The semantics for the control-flow analysis is missing a lot of stuff, such as various instructions (e.g. CALLER).

Disassembling Fall-thru Blocks

There is a bug in the code for connecting blocks together. Specifically, if a block does not end in either a STOP, INVALID, RETURN, REVERT, JUMP then it must always fall thru to the next consecutive block.

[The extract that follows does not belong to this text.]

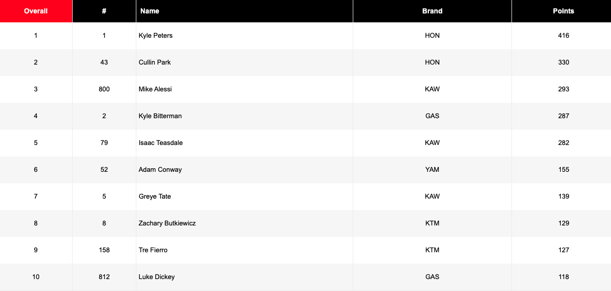 | 7th | Cory Carsten | Husqvarna | 16 |

At the moment, this does not happen.

Fix `AbstractStack` impl for `evm::Stack.len()`

Unknown instruction encountered

The following bytecode produces a crash:

60806040526004361060265760003560e01c806311610c2514602b578063d4b8399214603a575b600080fd5b6038600080543490039055565b005b348015604557600080fd5b50604e60005481565b60405190815260200160405180910390f3fea26469706673582212202203cf3a6091cb220fc22ce5ccabf6859442b55c6905ac986a013909b4302b9164736f6c63430008110033

The issue seems to be that there is data in the contract which cannot be decoded.

`AbstractStack` should implement `JoinInto`

Move `lex` module out of EvmIL

This is a utility which should be provided somewhere else.